## PROMPT
The expected output is each line from the one containing "2022—2023学年上学期第四次学情诊断(期末)A卷六年级英语(PEP版)" to the last line of the data below, set down exactly, minus the pictures.

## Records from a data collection
::::::
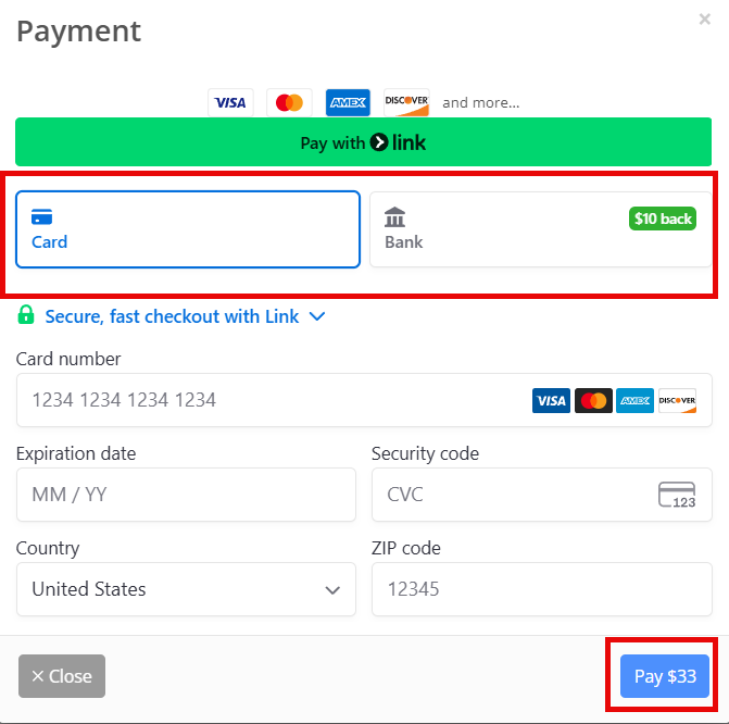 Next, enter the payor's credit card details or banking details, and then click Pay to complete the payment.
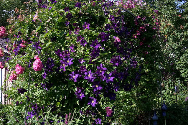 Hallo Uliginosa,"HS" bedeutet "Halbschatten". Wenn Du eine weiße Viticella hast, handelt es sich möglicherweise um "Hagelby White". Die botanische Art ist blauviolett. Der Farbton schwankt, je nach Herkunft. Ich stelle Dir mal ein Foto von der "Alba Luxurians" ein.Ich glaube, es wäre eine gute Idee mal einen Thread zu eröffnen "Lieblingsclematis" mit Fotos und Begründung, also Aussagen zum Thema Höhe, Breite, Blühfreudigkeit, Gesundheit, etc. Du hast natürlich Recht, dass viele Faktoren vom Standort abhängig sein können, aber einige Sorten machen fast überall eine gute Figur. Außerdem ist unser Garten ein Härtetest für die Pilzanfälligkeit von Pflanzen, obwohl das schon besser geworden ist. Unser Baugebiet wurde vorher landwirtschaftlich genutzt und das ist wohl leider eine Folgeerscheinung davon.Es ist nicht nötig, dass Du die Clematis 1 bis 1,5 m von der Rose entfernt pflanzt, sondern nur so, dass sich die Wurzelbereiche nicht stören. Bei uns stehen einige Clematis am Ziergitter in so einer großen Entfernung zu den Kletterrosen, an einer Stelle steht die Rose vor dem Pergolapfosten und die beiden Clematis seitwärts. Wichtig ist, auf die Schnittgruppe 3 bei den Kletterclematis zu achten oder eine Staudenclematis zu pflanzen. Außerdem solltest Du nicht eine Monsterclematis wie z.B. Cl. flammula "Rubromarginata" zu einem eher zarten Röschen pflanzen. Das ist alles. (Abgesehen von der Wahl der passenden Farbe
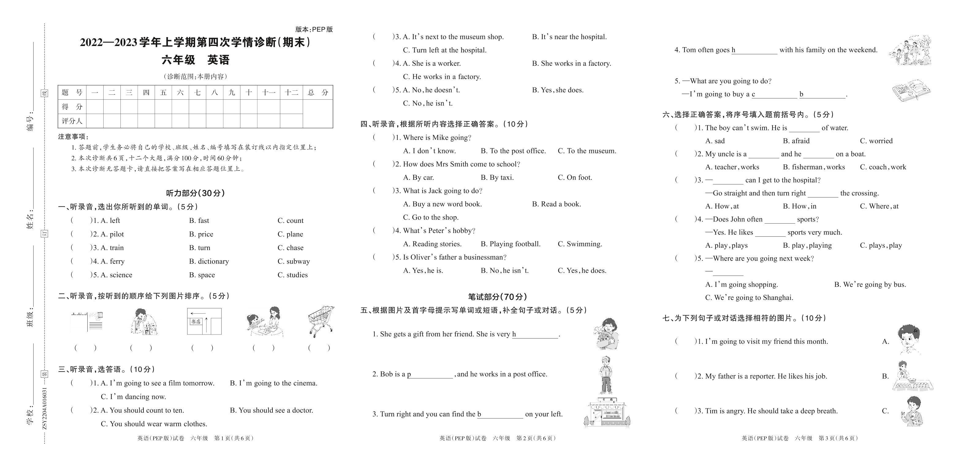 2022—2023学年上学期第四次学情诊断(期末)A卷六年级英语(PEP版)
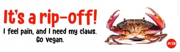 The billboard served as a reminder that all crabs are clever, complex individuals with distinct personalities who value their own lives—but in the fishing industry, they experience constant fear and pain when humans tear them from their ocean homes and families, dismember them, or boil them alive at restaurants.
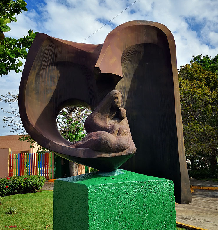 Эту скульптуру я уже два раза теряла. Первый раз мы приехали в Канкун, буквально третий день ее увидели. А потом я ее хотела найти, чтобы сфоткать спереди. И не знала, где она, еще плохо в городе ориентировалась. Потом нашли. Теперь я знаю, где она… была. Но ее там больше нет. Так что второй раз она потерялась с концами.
::::::
## YOUR SOLUTION
 2022—2023学年上学期第四次学情诊断(期末)A卷六年级英语(PEP版)
 The billboard served as a reminder that all crabs are clever, complex individuals with distinct personalities who value their own lives—but in the fishing industry, they experience constant fear and pain when humans tear them from their ocean homes and families, dismember them, or boil them alive at restaurants.
 Эту скульптуру я уже два раза теряла. Первый раз мы приехали в Канкун, буквально третий день ее увидели. А потом я ее хотела найти, чтобы сфоткать спереди. И не знала, где она, еще плохо в городе ориентировалась. Потом нашли. Теперь я знаю, где она… была. Но ее там больше нет. Так что второй раз она потерялась с концами.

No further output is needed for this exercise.